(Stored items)
·····
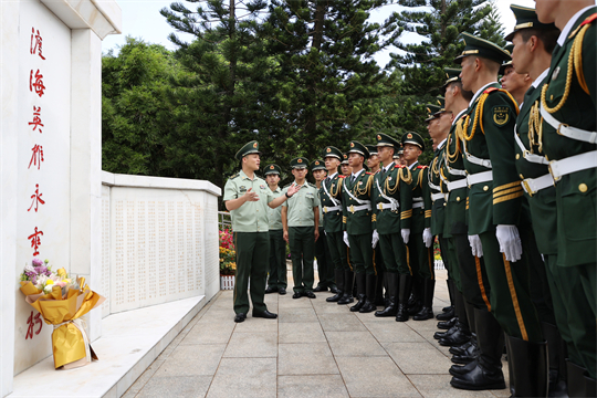 圖為武警海南總隊(duì)官兵在解放海南島戰(zhàn)役烈士陵園祭奠革命烈士時(shí),大隊(duì)教導(dǎo)員為官兵們講述革命先烈光輝事跡。
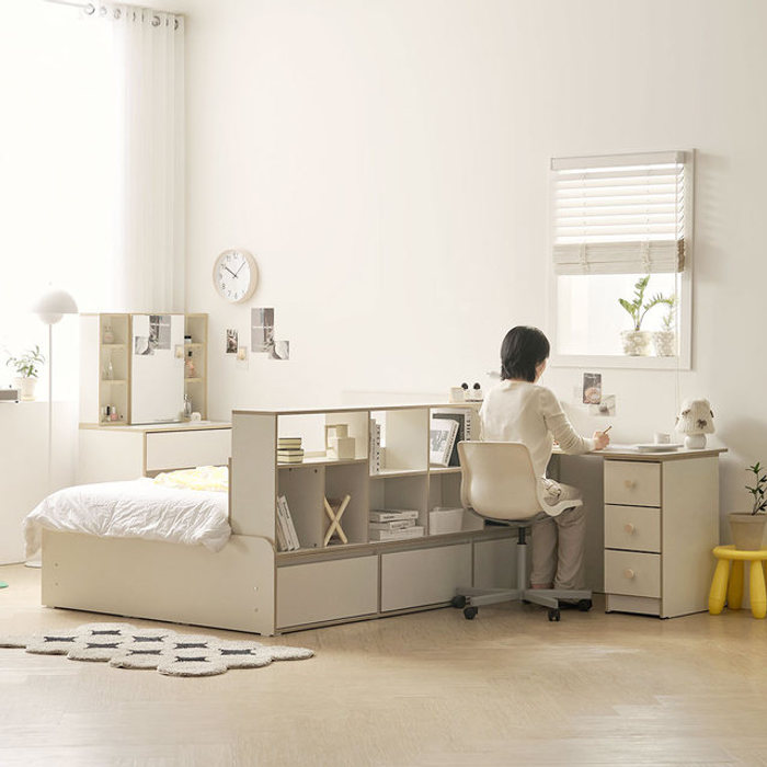 소소숲 소소숲 체르민 올인원 파티션 슬라이딩 수납침대 SS 1200 책상세트 (B형)
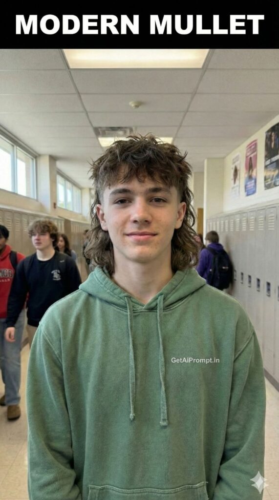A photorealistic virtual hairstyle edit based on the uploaded image. Keep the [100% identical and same face, body, pose, outfit, and background in uploaded images], but change ONLY the hairstyle to a "Modern Textured Mullet". The sides are tapered short, the top is messy and cropped, and the back flows long and wavy down the neck. It looks cool and intentional, not messy. The texture is piecey and defined. Embedded Branding: The text "GetAiPrompt.in" is a small graphic on the shirt. Top Bar: A horizontal black bar at the very top edge containing the text "MODERN MULLET" in bold white cinematic font. --ar 9:16
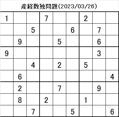 ヘッダーの「お問い合わせ」右隣にある「数独の解き方」をクリック頂き、「ご依頼の詳細回答手順解説(産経新聞2023年3月26日掲載分)」より、ご覧いただけますので、よろしくお願いします。
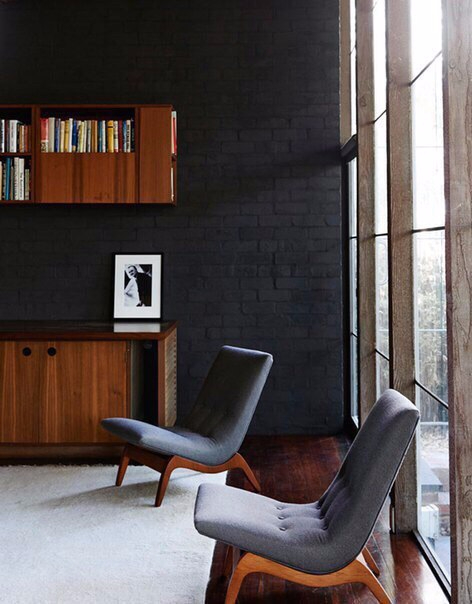 — черная кирпичная стена интерьер фото и фотографии
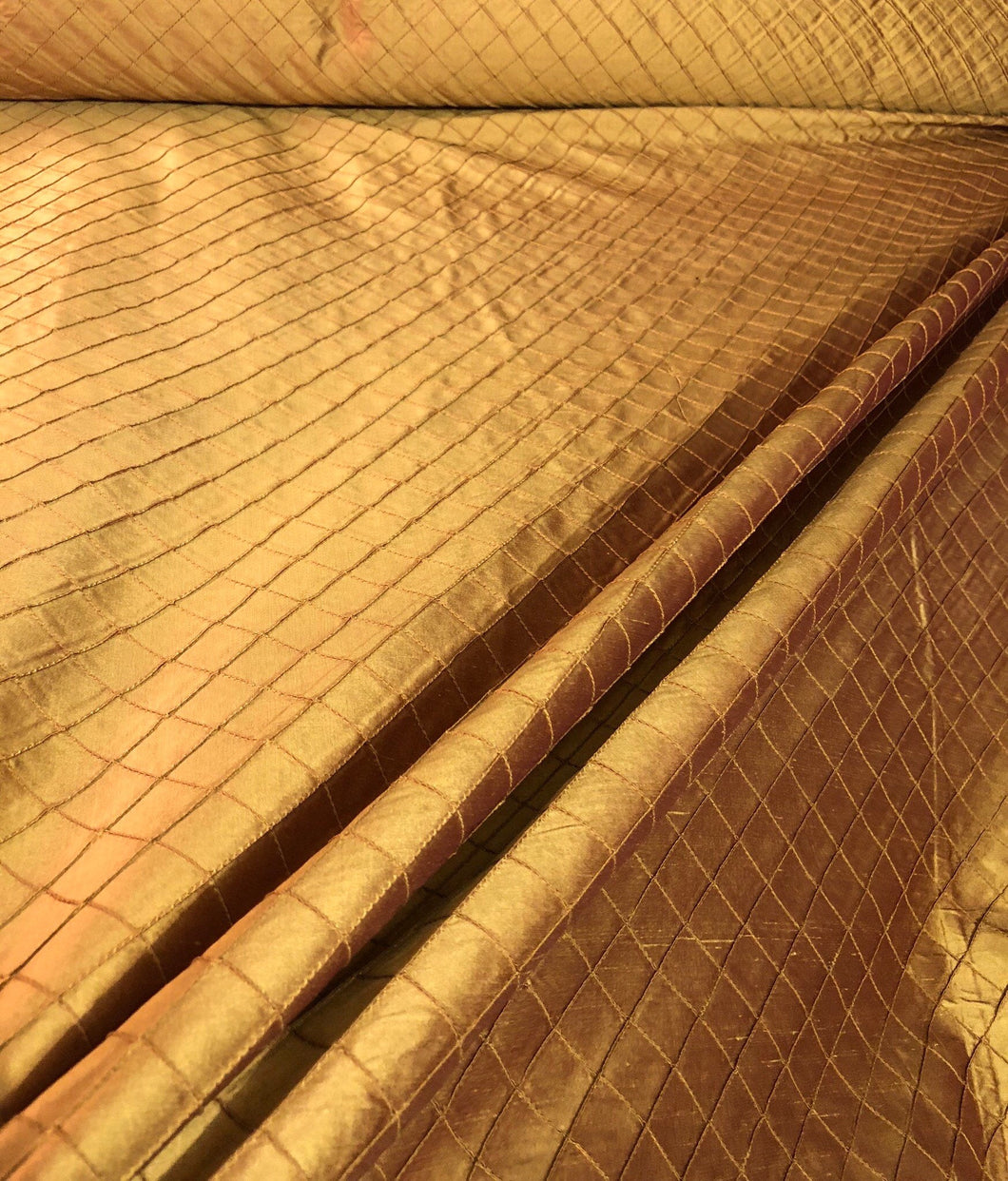 Silk dupion 52" wide Beautiful burnt orange diagonal pintick dupion fabric sold by the yard
·····
Your answer must be an exact copy of the lines from the start of the entries through the line with "ヘッダーの「お問い合わせ」右", with no pictures.

 圖為武警海南總隊(duì)官兵在解放海南島戰(zhàn)役烈士陵園祭奠革命烈士時(shí),大隊(duì)教導(dǎo)員為官兵們講述革命先烈光輝事跡。
 소소숲 소소숲 체르민 올인원 파티션 슬라이딩 수납침대 SS 1200 책상세트 (B형)
A photorealistic virtual hairstyle edit based on the uploaded image. Keep the [100% identical and same face, body, pose, outfit, and background in uploaded images], but change ONLY the hairstyle to a "Modern Textured Mullet". The sides are tapered short, the top is messy and cropped, and the back flows long and wavy down the neck. It looks cool and intentional, not messy. The texture is piecey and defined. Embedded Branding: The text "GetAiPrompt.in" is a small graphic on the shirt. Top Bar: A horizontal black bar at the very top edge containing the text "MODERN MULLET" in bold white cinematic font. --ar 9:16
 ヘッダーの「お問い合わせ」右隣にある「数独の解き方」をクリック頂き、「ご依頼の詳細回答手順解説(産経新聞2023年3月26日掲載分)」より、ご覧いただけますので、よろしくお願いします。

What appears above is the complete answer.